Elliptical “Chlorella” saccharophila were characterized by unequal size of autospores during sporogenesis (Fott and Novakova, 1969). This feature has the advantage of survival under unsuitable environments (Darienko et al., 2010). Bigger autospores increased proliferation rate than smaller ones, while smaller ones were widely spread by the wind. So, “Chlorella” saccharophila were found in a wide range of extreme environmental conditions such as exposure to trees, rocks, and acidic soil or high temperature soil (Kessler, 1965; Huss et al., 2002; Mikhailyuk et al., 2003; Gray et al., 2007). Because of the morphological and taxonomical differentiation from ‘true’ Chlorella, Darienko et al. (2010) proposed that “Chlorella” saccharophila be transferred to the Chloroidium saccharophilum.

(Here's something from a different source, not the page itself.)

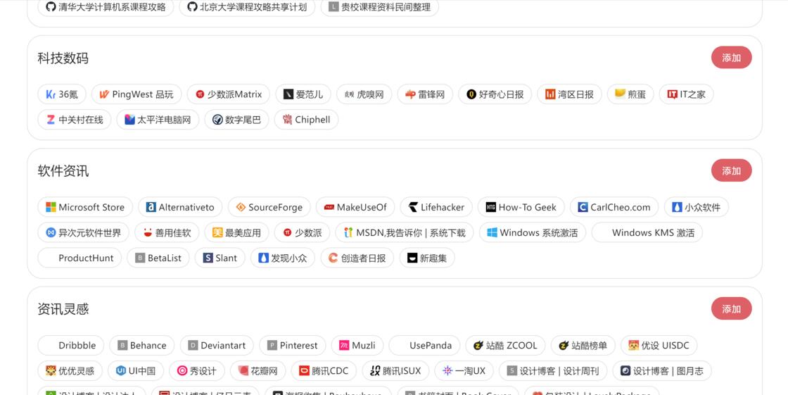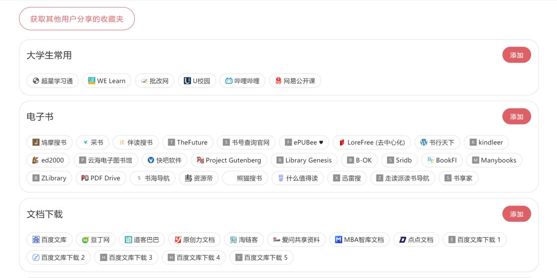 即使你的收藏夹空空如也,即使你还没有开始建立你的知识体系,这都没有关系。我们有热心的网友,他们将自己的收藏夹分享了出来,让大家不必苦苦寻找高质量网站。

In conclusion, the three groups of Chlorella-like species based on the sequence analysis of 18S rDNA showed corresponding tendency with growth and size variation of the cell cultured at different salinities. Thus, the comparison between phylogenetic relationships based on 18S rDNA sequences and phenotypic growth characteristics on salinity in the culture experiment can be considered as an useful method for systematic classification of Chlorella-like species which are difficult to identify.